From the Depot B the number of bricks supplied to builder P = (15 – x) thousands
Number of bricks supplied to builder Q = (20 – y)
and the number of bricks supplied to builder R = 20 – (15 – x + 20 – y) = (x + y – 15)
Thus, the cost of transportation from depot B to builders P, Q and R are Rs. 20(15 – x), Rs. 60(20 – x) and Rs. 40(x + y – 15).
Hence, the total cost of transportation from both depots A and B to the builders P, Q and R is:
Z = 40x + 20y + 30(30 – x – y) + 20(15 – x) + 60(20 – y) + 40(x + y – 15)
= 30x – 30y + 1800
Mathematical formulation of Linear Programming Problem is:
Minimize Z = 30x – 30y + 1800
Subject to the constraints
x + y ≤ 30
x ≤ 15
y ≤ 20
x + y ≥ 15
x ≥ 0
y ≥ 0
Converting these inequalities into the equations:
x + y = 30 ….(i)
x = 15 ….(ii)
y = 20 ….(iii)
x + y = 15 ….(iv)
x = 0 ….(v)
y = 0 ….(vi)
Region represented by x + y ≤ 30, i.e. the line x + y = 30, meets the coordinate axes at ,A(30, 0) and B(0, 30).
Region represented by x ≤ 15, i.e. the line x = 15 is parallel to the yaxis and its every point will satisfy the inequality in the first quadrant.
Region represented by y ≤ 20, i.e. the line y = 20 is parallel to the xaxis and its every point will satisfy the inequality in the first quadrant.
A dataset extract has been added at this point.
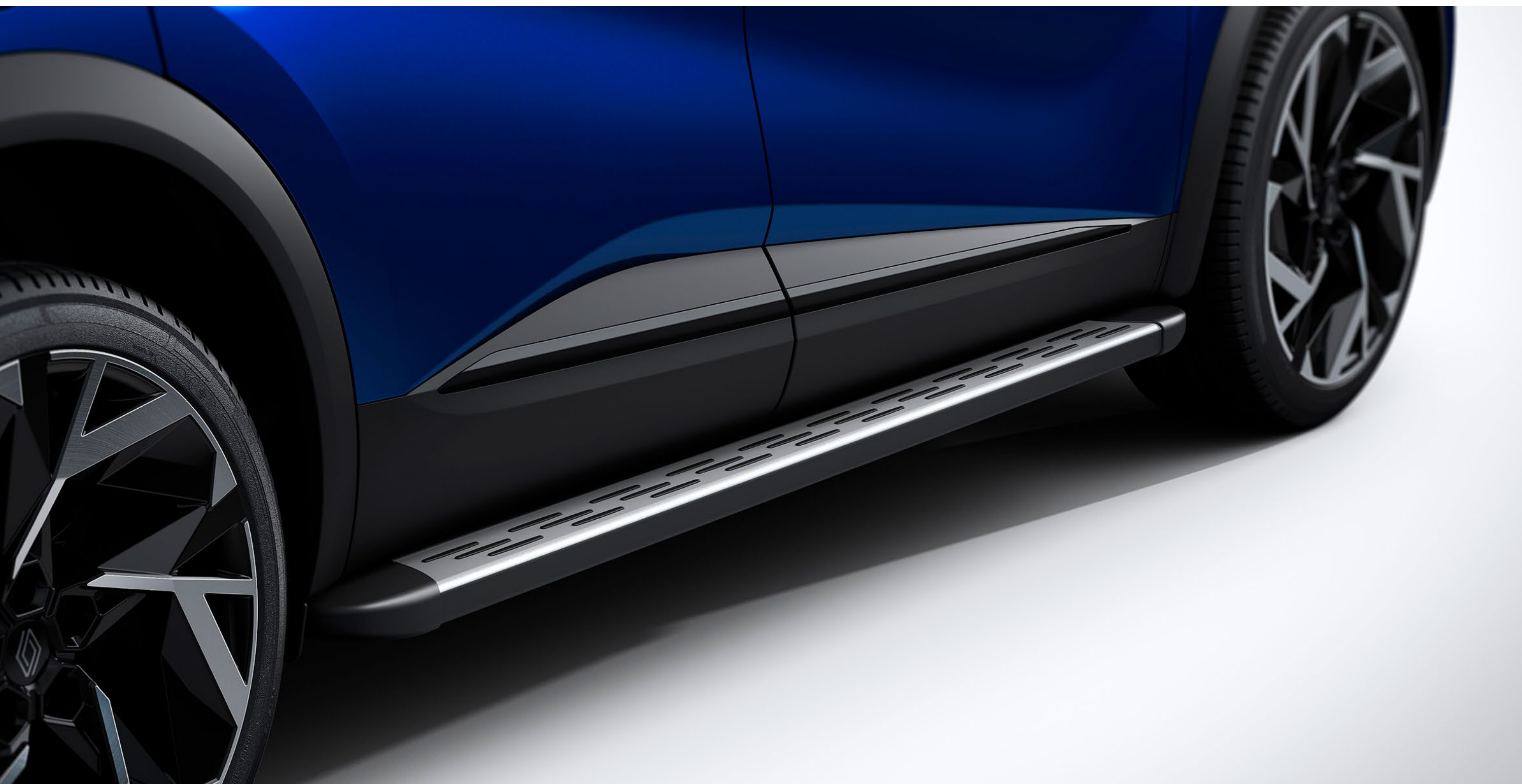
premium sidesteps Emphasise the car's SUV design and also allow easy access to the roof load.

Region represented by x + y ≥ 15, i.e. the line x + y = 15 meets the coordinate axes at the points C(15, 0) and D(0, 15).
Region represented by x ≥ 0, y ≥ 0 is the every point in the first quadrant that satisfies these inequalities.
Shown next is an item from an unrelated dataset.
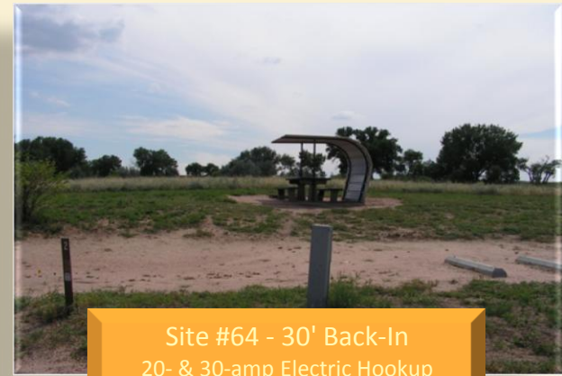
Site #64 - 30' Back-In 20- & 30-amp Electric Hookup Man-Made Shade

Thus, the shaded region CJKED (in the graph) represents the feasible solution region of the LPP.
The corner points of this region are C(15, 0), J(15, 15), K(10, 20), E(0, 20) and D(0, 15).
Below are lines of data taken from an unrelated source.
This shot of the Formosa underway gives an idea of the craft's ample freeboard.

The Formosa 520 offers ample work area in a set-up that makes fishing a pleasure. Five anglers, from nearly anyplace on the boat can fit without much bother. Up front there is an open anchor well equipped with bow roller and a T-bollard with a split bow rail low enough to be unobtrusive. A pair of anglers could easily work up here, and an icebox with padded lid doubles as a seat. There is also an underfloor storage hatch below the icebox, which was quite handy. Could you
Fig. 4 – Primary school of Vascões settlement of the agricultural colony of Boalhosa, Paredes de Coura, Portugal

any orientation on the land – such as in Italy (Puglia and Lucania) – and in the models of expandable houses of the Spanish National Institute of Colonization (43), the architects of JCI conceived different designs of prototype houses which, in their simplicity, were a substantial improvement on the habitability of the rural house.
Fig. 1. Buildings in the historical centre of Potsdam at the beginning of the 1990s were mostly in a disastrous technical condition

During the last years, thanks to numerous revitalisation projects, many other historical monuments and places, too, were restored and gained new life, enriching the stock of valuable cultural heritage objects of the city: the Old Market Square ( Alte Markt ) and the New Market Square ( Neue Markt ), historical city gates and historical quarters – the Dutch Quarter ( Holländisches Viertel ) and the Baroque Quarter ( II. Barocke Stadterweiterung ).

The value of the objective at these corner points is given in the below table.
Corner point 
Value of Z = 30x – 30y + 1800 

C(15, 0) 
Z = 30(15) – 30(0) + 1800 = 2250 

J(15, 15) 
Z = 30(15) – 30(15) + 1800 = 1800 

K(10, 20) 
Z = 30(10) – 30(20) + 1800 = 1500 

E(0, 20) 
Z = 30(0) – 30(20) + 1800 = 1200 
Minimum 
D(0, 15) 
Z = 30(0) – 30(15) + 1800 = 1350 
Therefore, from depot A, the builders P, Q and R should be supplied 0, 20000, 10000 number of bricks and from depot B, the builders P, Q and R should be supplied, 15000, 0, 5000 number of bricks.